Notre révolution est en danger
Nous réalisons, chaque jour encore plus, qu'une révolution se mérite et qu'elle a un prix qui peut parfois être très élevé. La nôtre, reconnaissons-le, a été moins coûteuse que celles de nos frères libyens, égyptiens ou syriens.... Soyons, donc, prêts à payer un peu plus. Il est malheureux d'en arriver à cette conclusion qu'il faille accepter de ranger dans les tiroirs la «supériorité» de notre Révolution du jasmin, qu'il faille être sanguinaire et combattre les terroristes par les armes de la terreur.
Donc, unissons-nous derrière notre drapeau et reprenons en choeur notre hymne national : «Ô Défenseurs de la Nation! / Donnons ses lettres de gloire à notre temps! / Dans nos veines, le sang a tonné:/ Mourons, Mourons pour que vive la Patrie!» (''Humat al-Hima'')
N'ayons pas peur de reconnaître que notre révolution est en danger et que, pour traverser cette zone de turbulence, notre pays ne devrait pas hésiter à consacrer les dinars, les euros et les dollars qu'il faut. Puisqu'il est question de moyens matériels et financiers, mettons-y le prix qu'il faut pour se procurer les meilleures armes et les meilleures défenses.
Nos amis européens et américains n'hésiteront pas à servir notre cause et à nous prêter main forte. Mettons de côté nos susceptibilités et nos sensibilités idéologiques, et traitons avec ces pays démocratiques franchement et directement.
N'ayons plus aucun complexe d'infériorité car, désormais, nous avons en commun avec ces pays le démocratisme – et ils nous le reconnaissent.
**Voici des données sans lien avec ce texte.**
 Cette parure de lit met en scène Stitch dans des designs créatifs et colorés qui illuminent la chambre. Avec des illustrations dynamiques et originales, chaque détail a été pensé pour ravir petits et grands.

Nous pouvons prétendre pouvoir traiter avec eux sur un pied d'«égalité de principes».
N'ayons aucune crainte pour notre indépendance: scellons avec l'Europe et les Etats-Unis des alliances qui servent nos intérêts. Spécifions clairement, dans nos accords ou contrats d'achat avec ces pays, les conditions entières de la souveraineté et de l'intégrité de notre pays.
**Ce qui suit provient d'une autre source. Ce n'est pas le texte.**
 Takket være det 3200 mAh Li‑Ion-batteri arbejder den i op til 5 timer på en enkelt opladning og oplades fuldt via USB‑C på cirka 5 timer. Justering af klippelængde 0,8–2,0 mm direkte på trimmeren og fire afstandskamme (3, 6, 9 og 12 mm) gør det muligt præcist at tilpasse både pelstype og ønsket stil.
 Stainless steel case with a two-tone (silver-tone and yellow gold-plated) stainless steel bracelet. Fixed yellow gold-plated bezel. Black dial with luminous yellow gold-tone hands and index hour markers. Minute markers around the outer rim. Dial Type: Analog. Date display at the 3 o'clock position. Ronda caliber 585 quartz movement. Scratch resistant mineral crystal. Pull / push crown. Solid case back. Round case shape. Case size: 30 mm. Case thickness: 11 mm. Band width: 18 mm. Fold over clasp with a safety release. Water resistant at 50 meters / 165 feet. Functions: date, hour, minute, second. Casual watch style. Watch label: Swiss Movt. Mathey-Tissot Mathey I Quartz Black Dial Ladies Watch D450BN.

Il ne s'agit nullement d'une vassalisation de la Tunisie. Ceci s'appelle réalisme politique. Il peut comporter des risques, mais, lorsque l'on décide de combattre franchement le terrorisme intégriste, il faut choisir des alliés qui mènent depuis longtemps une guerre sans pitié contre contre cette calamité.
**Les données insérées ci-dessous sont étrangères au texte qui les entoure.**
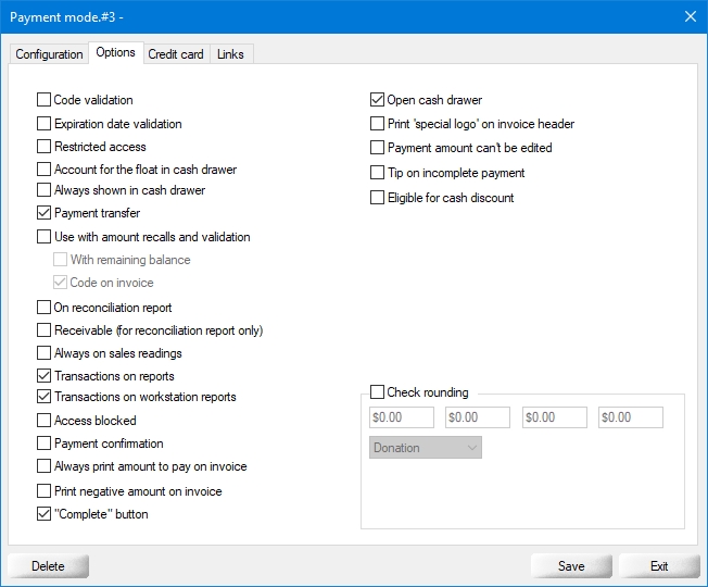 Click the Save button to save you settings and return to the payment modes list. The newly created payment mode will appear in the list.

Les Etats-Unis, l'Europe et nos frères algériens ont les moyens et l'expérience dont la Tunisie a besoin.
Ne nous en privons pas. Laissons tout simplement de côté nos idéologies éculées et nos positions de principe d'un autre âge et nos théories de café du commerce. L'ennemi numéro un de la Tunisie s'appelle terrorisme djihadiste, et non pas «néocolonialisme» occidental. Faisons clairement cette distinction: les fondamentalistes auxquels notre pays fait face sont armés des armes que produisent les Etats-Unis et l'Europe, ayons donc le courage de nous allier avec les Américains et les Européens.
Illustration: "Nous soutenons les forces de sécurité et l'armée dans leur guerre contre le terrorisme".